MortgageBloom helps future homeowners make sense of the mortgage process.
Our calculator allows you to quickly adjust all the variables involved in getting a mortgage. We want you to be able to quickly experiment and get a feel for the tradeoffs you can make.
We're a small team of homeowners in the San Francisco Bay Area who think buying a home should be simpler and more transparent.
Simply put, the interest rate (otherwise known as the Annual Percentage Rate, or APR) is the cost of borrowing money from lenders. A lower interest rate translates to a "cheaper" loan - this allows you to either receive a higher amount from lenders, or pay off your loan in a shorter time.
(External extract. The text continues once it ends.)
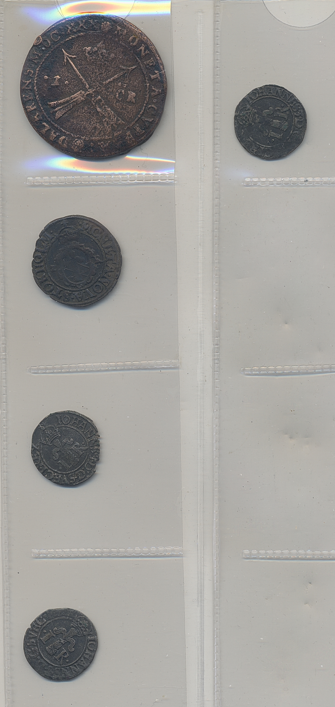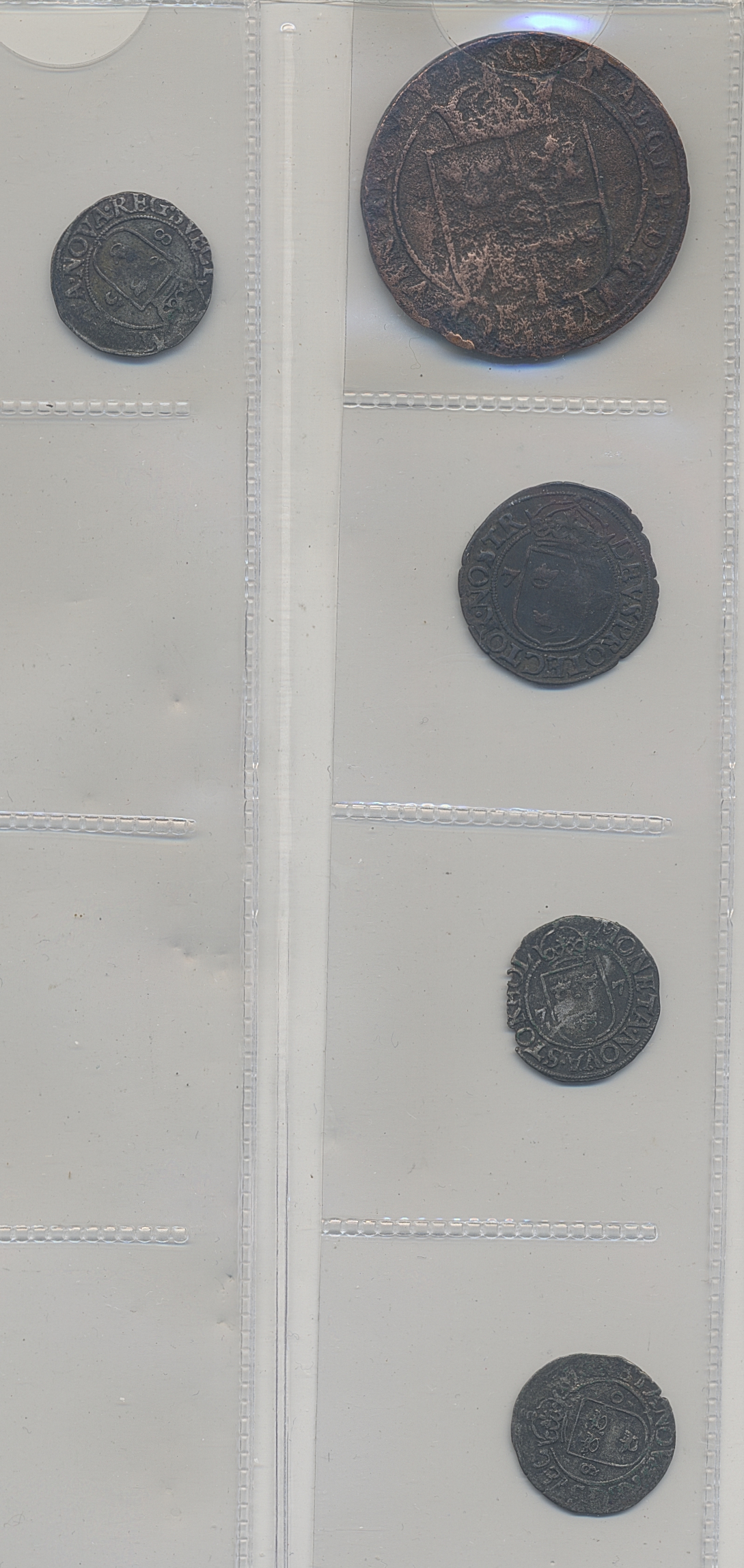 Coins, Sweden. Small group of Johan III ½ öre 1577, 1580, 1583 and 2 öre 1573 as well as a corroded 1 öre 1630 Gustav II Adolf. 1?-1+.

A Fixed Mortgage loan is offered at a fixed interest rate over 15 or 30 years. An ARM, or Adjustable Rate Mortgage, offers a fixed interest rate for a few years, then increases, or "adjusts," over time.
An ARM interest rate may appear to be more affordable than a Fixed interest rate, but can end up costing you more over time.
A down payment gives lenders confidence that you will pay back your loan in full. A typical down payment for a mortgage loan is between 20% and 25% of the home value.
Down payments less than 3.5% will not be covered by the FHA, and mainstream lenders will not provide a loan at reasonable interest rates.
A Jumbo mortgage is a loan that is offered on homes that cost more than the national average. Jumbo loans carry higher interest rates due to their larger size.
If your credit score is under 620, the majority of dependable lenders will see you as a high risk and not extend a loan. Consider repairing your credit before applying for a mortgage.